Start of DATASET SECTION

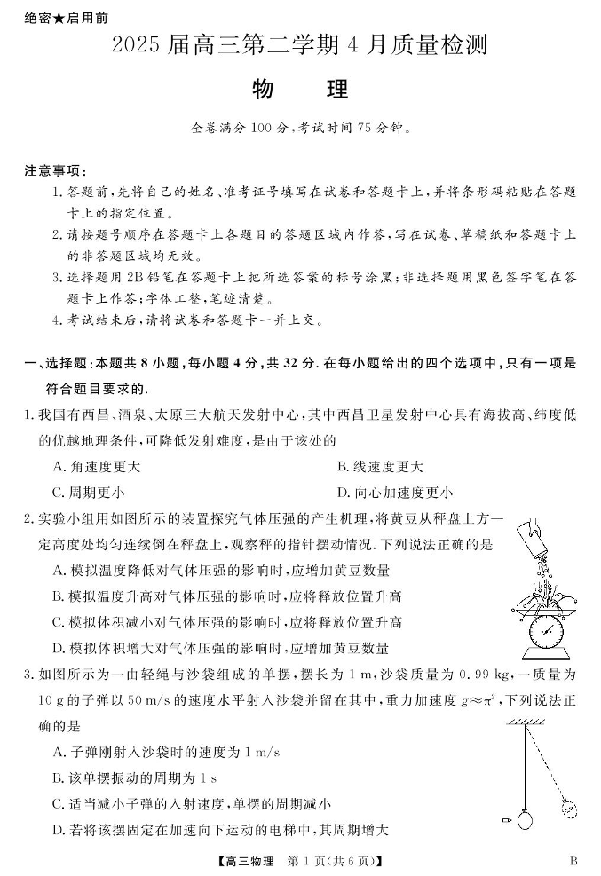 安徽师范大学附属中学2025届下学期4月质量检测 物理(含答案).pdf
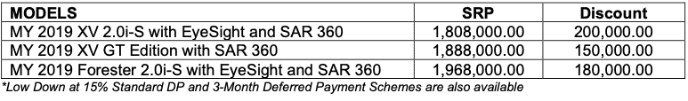 Subaru also offers customers a hassle-free buying experience through Subaru SPEED. It’s Subaru’s Shopping Platform from Electronic Enquiry up to Delivery. Simply put, customers can own a Subaru right at home without physically stepping into the showroom. Once they register their interest to purchase and select their preferred dealership, a sales consultant will be readily available online to help with product inquiries, financing applications and approval until home delivery. This is Subaru’s end-to-end commitment so that customers get to enjoy total safety!
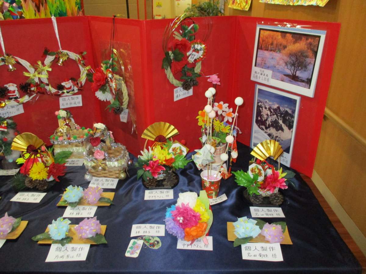 文化祭ではご利用者様の作成した作品展示や、過去に趣味活動で作った挿し子や手芸作品、写真集なども展示

End of DATASET SECTION

→ ASSIGNMENT:
The copy must match the listing above exactly but contain no pictures.

→ SOLVED PROBLEM:
 安徽师范大学附属中学2025届下学期4月质量检测 物理(含答案).pdf
 Subaru also offers customers a hassle-free buying experience through Subaru SPEED. It’s Subaru’s Shopping Platform from Electronic Enquiry up to Delivery. Simply put, customers can own a Subaru right at home without physically stepping into the showroom. Once they register their interest to purchase and select their preferred dealership, a sales consultant will be readily available online to help with product inquiries, financing applications and approval until home delivery. This is Subaru’s end-to-end commitment so that customers get to enjoy total safety!
 文化祭ではご利用者様の作成した作品展示や、過去に趣味活動で作った挿し子や手芸作品、写真集なども展示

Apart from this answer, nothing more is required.